Extracted material:
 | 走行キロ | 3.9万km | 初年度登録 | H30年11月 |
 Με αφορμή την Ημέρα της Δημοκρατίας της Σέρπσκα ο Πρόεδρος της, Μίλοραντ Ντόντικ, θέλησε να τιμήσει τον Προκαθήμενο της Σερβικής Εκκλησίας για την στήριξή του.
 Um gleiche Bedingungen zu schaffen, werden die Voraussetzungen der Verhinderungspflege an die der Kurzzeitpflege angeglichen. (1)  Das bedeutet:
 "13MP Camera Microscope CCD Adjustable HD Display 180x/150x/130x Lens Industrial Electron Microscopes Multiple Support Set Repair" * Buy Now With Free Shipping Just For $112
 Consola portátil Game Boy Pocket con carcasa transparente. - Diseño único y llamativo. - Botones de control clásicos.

* * *

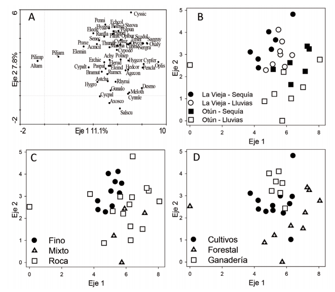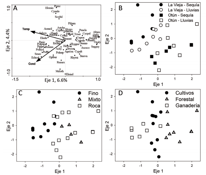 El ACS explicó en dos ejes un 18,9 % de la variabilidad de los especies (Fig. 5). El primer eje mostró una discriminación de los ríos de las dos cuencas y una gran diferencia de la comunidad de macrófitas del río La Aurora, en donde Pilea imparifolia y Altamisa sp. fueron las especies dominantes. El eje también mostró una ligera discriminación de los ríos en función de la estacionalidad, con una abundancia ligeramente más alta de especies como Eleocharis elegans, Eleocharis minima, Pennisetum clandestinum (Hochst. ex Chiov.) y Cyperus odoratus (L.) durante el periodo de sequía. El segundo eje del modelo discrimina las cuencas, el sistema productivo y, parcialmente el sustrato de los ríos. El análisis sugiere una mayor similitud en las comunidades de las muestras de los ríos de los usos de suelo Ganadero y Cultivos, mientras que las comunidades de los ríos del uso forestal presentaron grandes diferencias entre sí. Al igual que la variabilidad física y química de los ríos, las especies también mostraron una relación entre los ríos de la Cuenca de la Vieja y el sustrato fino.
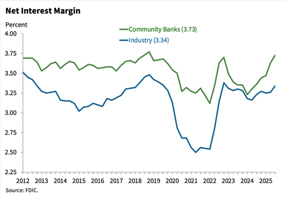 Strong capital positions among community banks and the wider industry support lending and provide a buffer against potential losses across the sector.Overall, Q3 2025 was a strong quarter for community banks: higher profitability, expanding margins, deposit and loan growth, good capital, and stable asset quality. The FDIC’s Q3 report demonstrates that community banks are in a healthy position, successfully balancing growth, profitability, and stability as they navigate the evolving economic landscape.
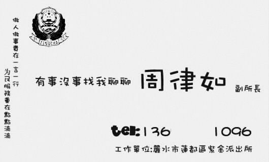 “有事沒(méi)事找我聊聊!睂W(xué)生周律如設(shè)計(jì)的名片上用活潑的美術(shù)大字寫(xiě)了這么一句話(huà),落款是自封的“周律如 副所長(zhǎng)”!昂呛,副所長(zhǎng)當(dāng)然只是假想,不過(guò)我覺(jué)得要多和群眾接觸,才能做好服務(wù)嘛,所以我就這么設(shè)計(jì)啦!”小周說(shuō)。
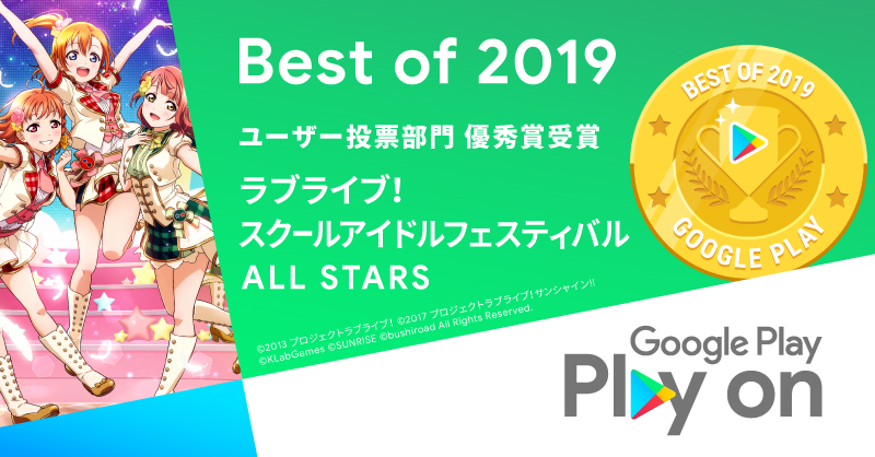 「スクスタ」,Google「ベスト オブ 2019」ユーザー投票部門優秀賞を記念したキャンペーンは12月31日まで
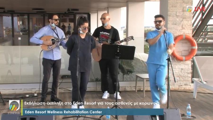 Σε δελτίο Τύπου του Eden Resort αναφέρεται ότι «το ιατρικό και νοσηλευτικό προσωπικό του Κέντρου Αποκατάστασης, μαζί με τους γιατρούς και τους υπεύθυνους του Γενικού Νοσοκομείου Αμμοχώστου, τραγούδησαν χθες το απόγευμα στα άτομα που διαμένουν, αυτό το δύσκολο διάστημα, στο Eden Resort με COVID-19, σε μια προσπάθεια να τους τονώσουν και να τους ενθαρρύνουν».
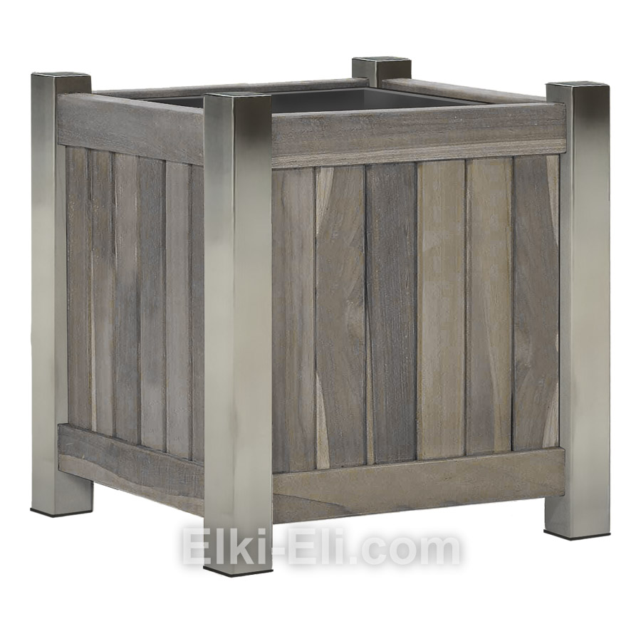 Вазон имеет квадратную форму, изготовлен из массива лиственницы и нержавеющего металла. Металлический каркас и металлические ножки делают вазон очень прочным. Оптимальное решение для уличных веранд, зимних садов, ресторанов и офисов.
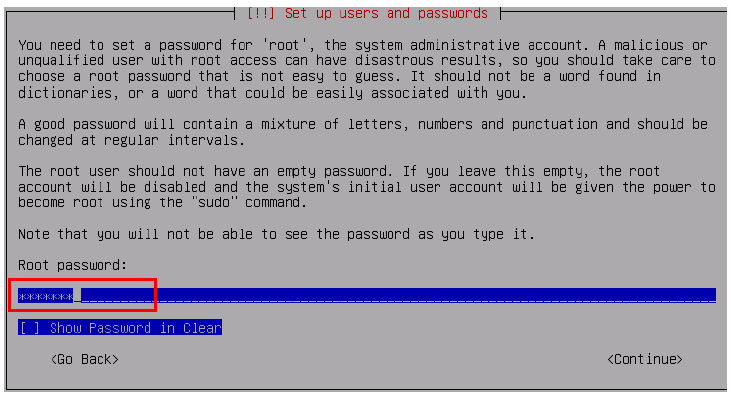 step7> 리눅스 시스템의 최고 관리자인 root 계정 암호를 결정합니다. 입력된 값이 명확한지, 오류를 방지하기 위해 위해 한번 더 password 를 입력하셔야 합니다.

Task goal: The lines above from the one with "初年度登録 | H30年11月 |" through the one with "Consola portátil Game" are to be duplicated exactly, ends included, with nothing added.

Final answer:
 | 走行キロ | 3.9万km | 初年度登録 | H30年11月 |
 Με αφορμή την Ημέρα της Δημοκρατίας της Σέρπσκα ο Πρόεδρος της, Μίλοραντ Ντόντικ, θέλησε να τιμήσει τον Προκαθήμενο της Σερβικής Εκκλησίας για την στήριξή του.
 Um gleiche Bedingungen zu schaffen, werden die Voraussetzungen der Verhinderungspflege an die der Kurzzeitpflege angeglichen. (1)  Das bedeutet:
 "13MP Camera Microscope CCD Adjustable HD Display 180x/150x/130x Lens Industrial Electron Microscopes Multiple Support Set Repair" * Buy Now With Free Shipping Just For $112
 Consola portátil Game Boy Pocket con carcasa transparente. - Diseño único y llamativo. - Botones de control clásicos.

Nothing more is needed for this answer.